本文由【万点研究】原创
作者/小魔丸
编辑/成宇
浙江是国内名副其实的染料业强省。浙江龙盛(600352.SH)、闰土股份(002440.SZ)吉华集团(603980.SH)、浙江博澳新材料股份有限公司(简称:博澳股份)、海翔药业(002099.SZ)主要产地均在浙江,这5家企业2020年合计染料产量全国占比接近63%。
2021年6月24日,染料行业5强之中唯一没有上市的博澳股份披露招股说明书,拟登陆主板上市,保荐机构为国金证券;2021年12月24日,博澳股份更新招股书,主板IPO获上交所受理。

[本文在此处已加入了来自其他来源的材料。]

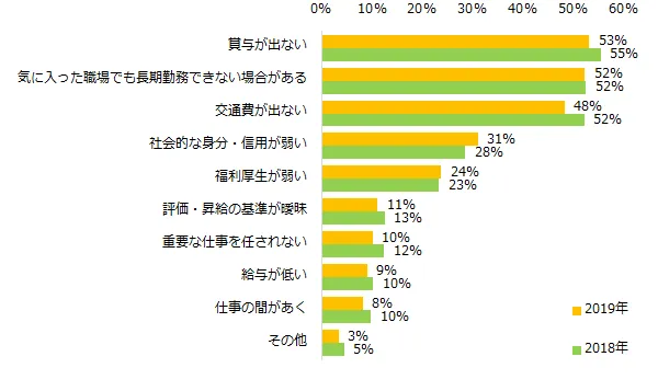 「賞与がない」(2019年:53%、2018年:55%)、「交通費が出ない」(同:48%、52%)は昨年より減少。2020年4月1日から施行される働き方改革関連法の改正により、「同一労働同一賃金」が導入されることで、さらに解消されるかもしれません。

博澳股份成立于2006年,主营业务为纺织染料、染料中间体及原料的研发、生产和销售,其在蒽醌类染料和生态型胶状体染料方面具有领先的市场地位。根据中国染料工业协会出具的证明文件,2020年度公司蒽醌结构分散染料的生产规模居全球首位。
不尽然只是表面光鲜。博澳股份不仅要面临业绩波动、毛利率断崖式下滑、盈利能力下降的成长性难题、关联交易的敏感质疑,行业天花板显现的长久压力更是如芒在背。
IPO之路,又是否能顺利?
毛利率断崖式下滑
IPO扩产是否激进?
受困于染料行业较强的周期性,博澳股份的业绩波动性显著。
财务数据方面,2018年-2020年,2021年1-6月(以下简称“报告期”),博澳股份分别实现营业收入14.65亿元、16.24亿元、14.95亿元、8.39亿元,净利润5.36亿元、3.82亿元、3.29亿元、1.49亿元。
波动性非常明显,2019年、2020年营收增幅分别为10.84%、-7.98%,净利润更是呈现明显下滑趋势,增幅分别为-28.7%、-14.01%。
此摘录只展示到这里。